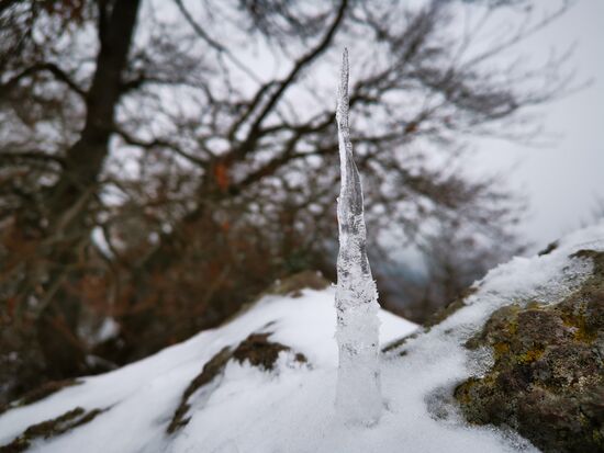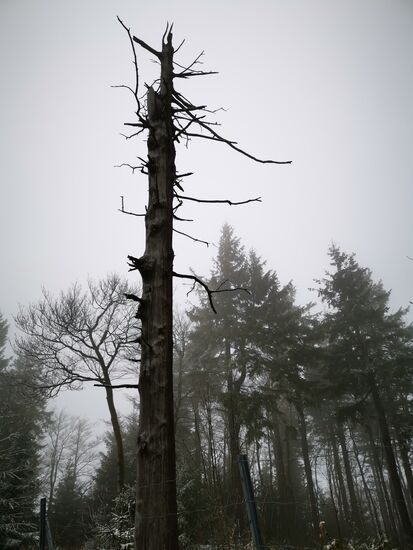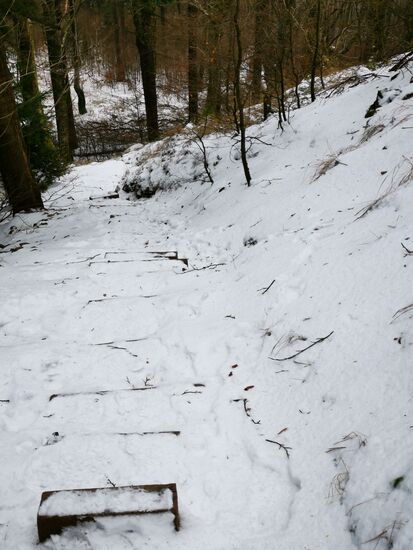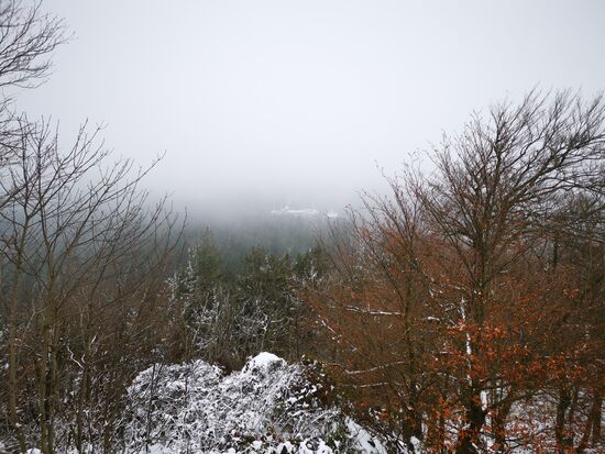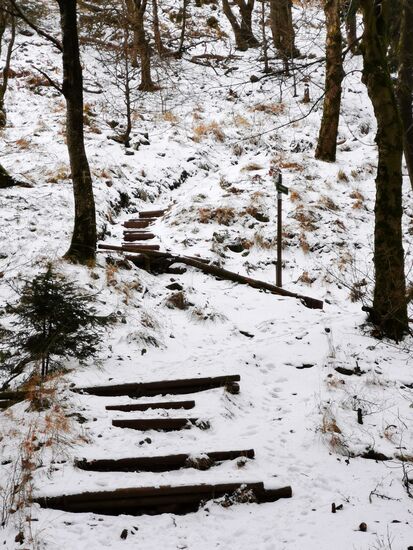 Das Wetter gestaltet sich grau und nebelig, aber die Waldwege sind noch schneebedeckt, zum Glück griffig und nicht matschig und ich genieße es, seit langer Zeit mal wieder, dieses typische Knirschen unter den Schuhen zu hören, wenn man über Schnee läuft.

++++++++

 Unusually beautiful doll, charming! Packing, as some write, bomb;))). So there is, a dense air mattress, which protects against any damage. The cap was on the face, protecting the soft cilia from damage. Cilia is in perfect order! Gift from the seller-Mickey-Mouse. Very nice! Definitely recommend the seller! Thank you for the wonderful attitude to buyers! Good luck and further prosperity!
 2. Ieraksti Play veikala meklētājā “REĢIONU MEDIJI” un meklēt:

++++++++

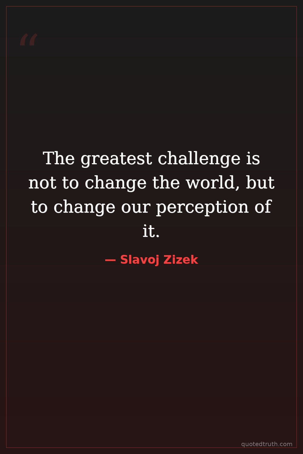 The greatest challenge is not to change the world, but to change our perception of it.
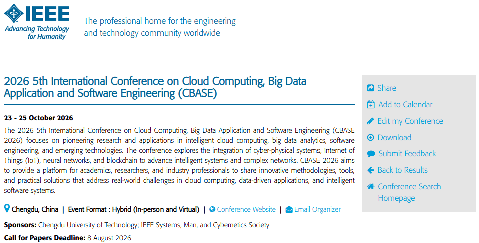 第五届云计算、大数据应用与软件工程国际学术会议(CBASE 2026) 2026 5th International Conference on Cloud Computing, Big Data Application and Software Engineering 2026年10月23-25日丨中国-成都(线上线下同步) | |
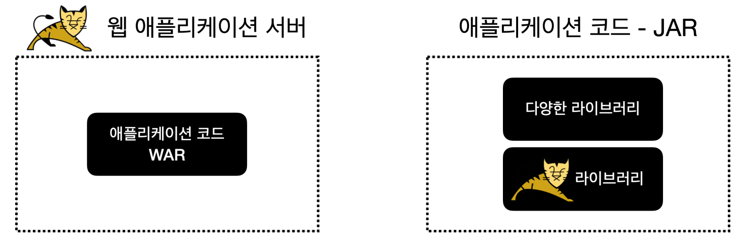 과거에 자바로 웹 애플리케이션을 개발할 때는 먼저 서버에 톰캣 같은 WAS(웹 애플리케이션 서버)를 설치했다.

++++++++

### Problem statement
Pictures excluded, transcribe the listing above exactly from the line with "The greatest challenge" through the line with "과거에 자바로 웹 애플리케이션을", and no further.

### Written reply
 The greatest challenge is not to change the world, but to change our perception of it.
 第五届云计算、大数据应用与软件工程国际学术会议(CBASE 2026) 2026 5th International Conference on Cloud Computing, Big Data Application and Software Engineering 2026年10月23-25日丨中国-成都(线上线下同步) | |
 과거에 자바로 웹 애플리케이션을 개발할 때는 먼저 서버에 톰캣 같은 WAS(웹 애플리케이션 서버)를 설치했다.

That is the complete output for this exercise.